• Stored records
Content starts

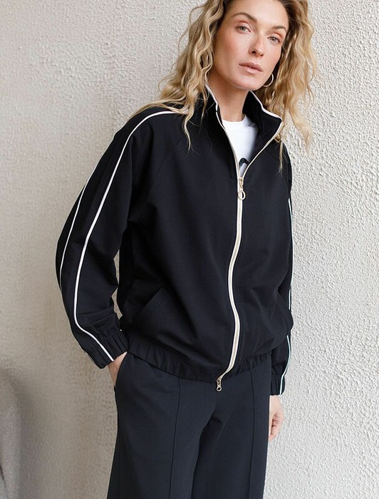22.03 Vilatte Свободный бомбер с лампасами на молнии из петельчатого футера дву
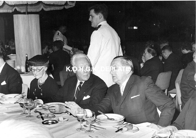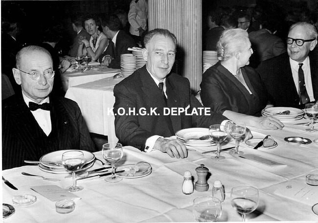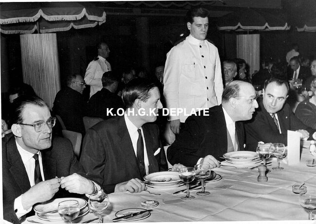 Formaat : 13 x 18 cm. - Tijdens het banket. Vooraan, burgemeester Jan Piers, met naast hem mevrouw De Ramée en Alfred Bertrand. Hij was toen minister van Verkeerswezen.
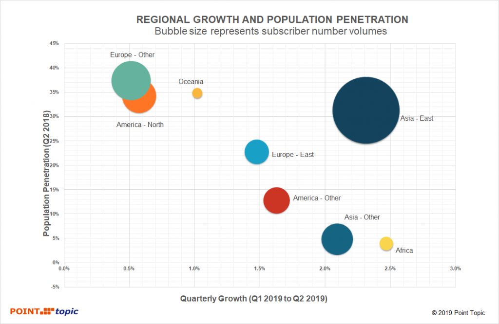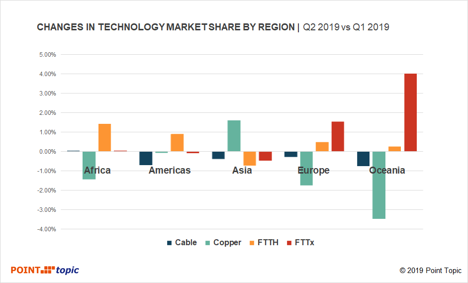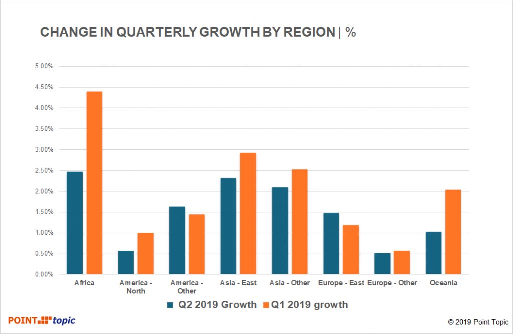 2019年第二季度全球固定宽带的主要趋势:
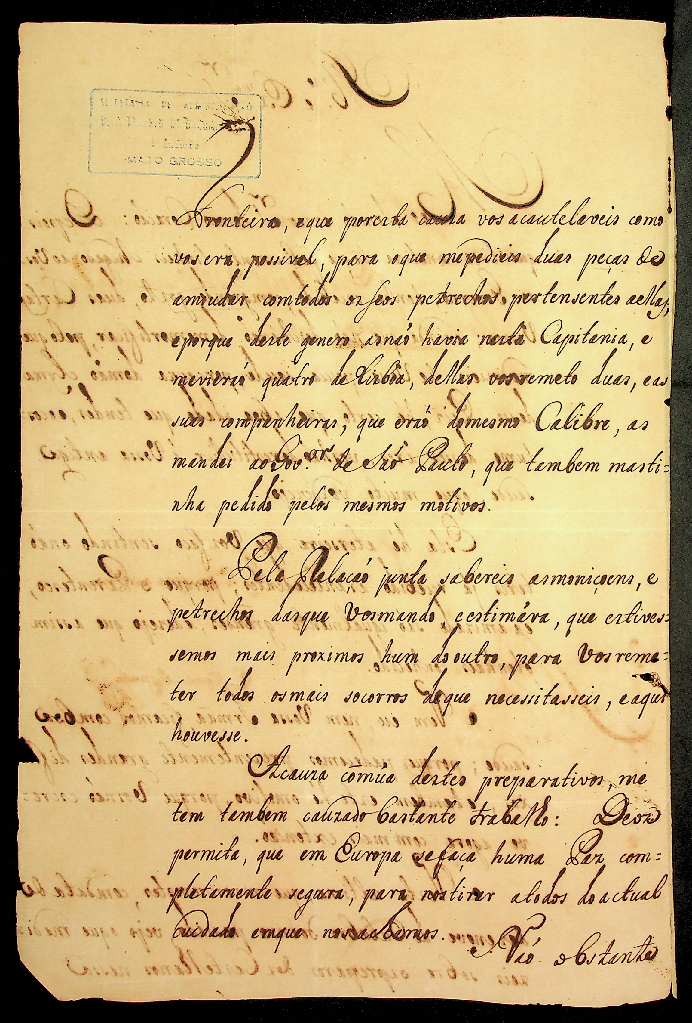 CARTA do Conde da Cunha ao [Governador e Capitão-General da Capitania de Mato Grosso] João Pedro da Câmara.
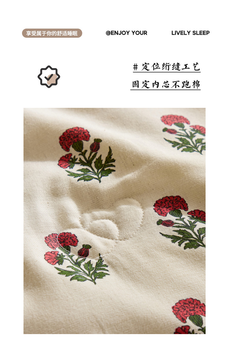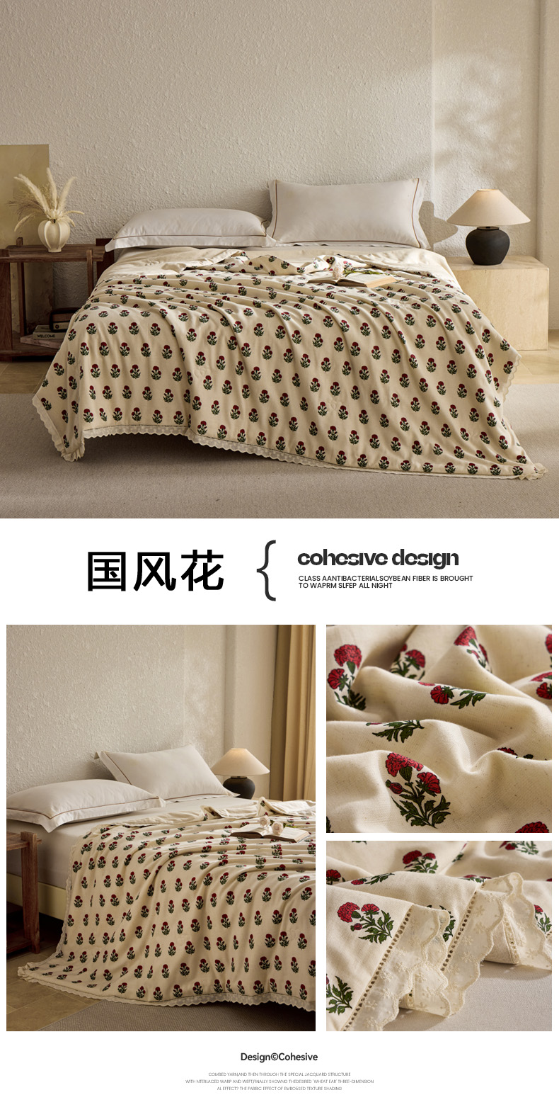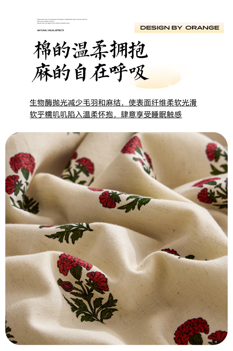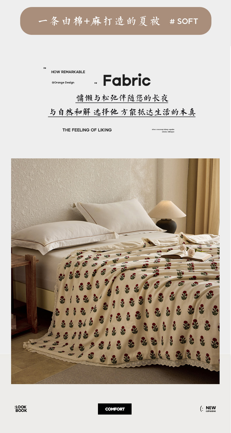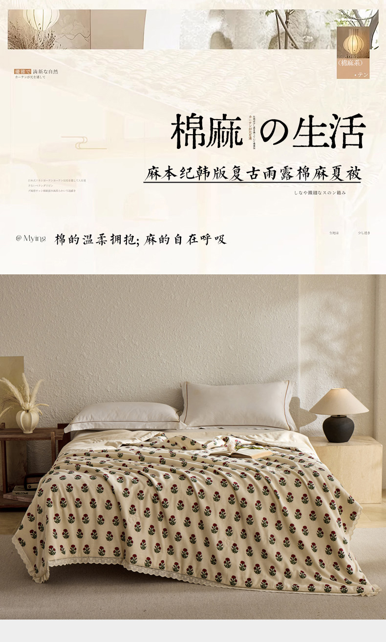 商品名称:蜜柚 2026新款麻本纪韩版复古雨露棉麻夏被夏凉被空调被 国风花
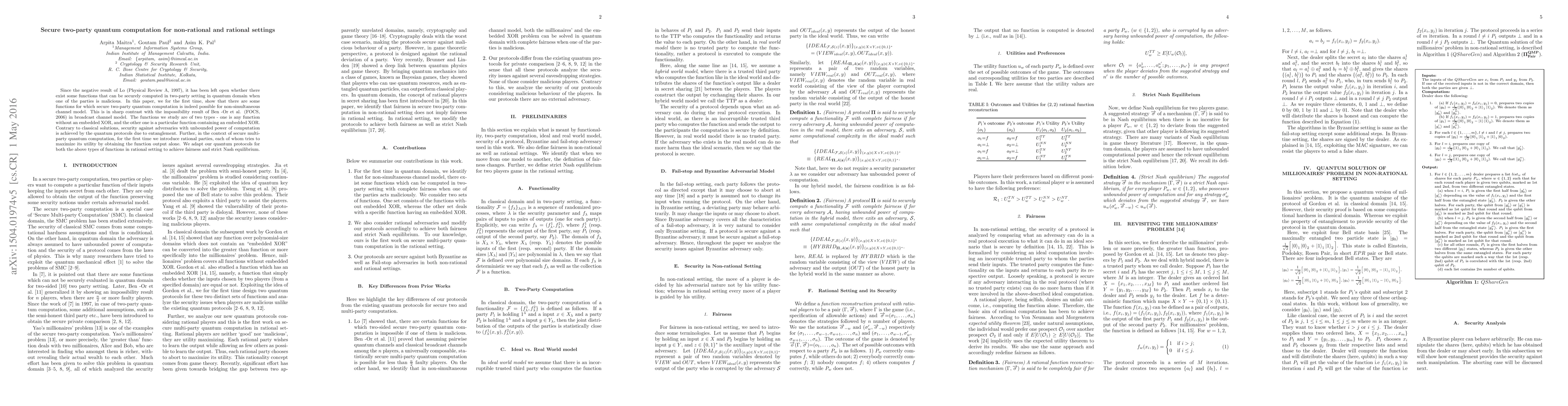 This paper demonstrates the feasibility of secure two-party quantum computation for certain functions under a non-simultaneous channel model, contrasting with classical impossibility results. It introduces rational parties in secure multi-party quantum computation to achieve fairness and strict Nash equilibrium.
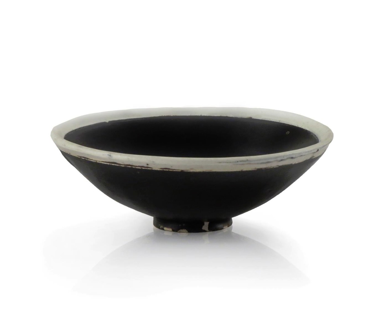 The wide conical body decorated with a dense black glaze, the rim with a thick white band, the foot unglazed, 14.2cm.
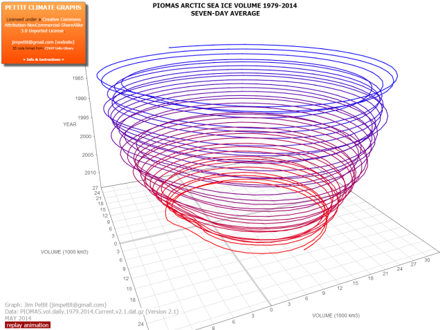 До этого момента «National Geographic» использовал карту Арктики из его атласа редакции 1989-го года. Однако, с того времени не только площадь, но и объём морского льда в Арктике (как показано на графике объёма морского льда в Арктике с 1979-го года по настоящее время, представленном ниже) резко сократился. В новейшем издании, которое выйдет в сентябре, линии будут очерчивать гораздо меньшую площадь, основываясь на данных НАСА и Национального центра обработки данных снега и льда (NSIDC) о количестве оставшихся многолетних льдов.

Content ends

• Prompt
Go back to the line containing "This paper demonstrates" and output it and every line after it through the end of the records, exactly, but not the pictures.

• Answer to the problem
 This paper demonstrates the feasibility of secure two-party quantum computation for certain functions under a non-simultaneous channel model, contrasting with classical impossibility results. It introduces rational parties in secure multi-party quantum computation to achieve fairness and strict Nash equilibrium.
 The wide conical body decorated with a dense black glaze, the rim with a thick white band, the foot unglazed, 14.2cm.
 До этого момента «National Geographic» использовал карту Арктики из его атласа редакции 1989-го года. Однако, с того времени не только площадь, но и объём морского льда в Арктике (как показано на графике объёма морского льда в Арктике с 1979-го года по настоящее время, представленном ниже) резко сократился. В новейшем издании, которое выйдет в сентябре, линии будут очерчивать гораздо меньшую площадь, основываясь на данных НАСА и Национального центра обработки данных снега и льда (NSIDC) о количестве оставшихся многолетних льдов.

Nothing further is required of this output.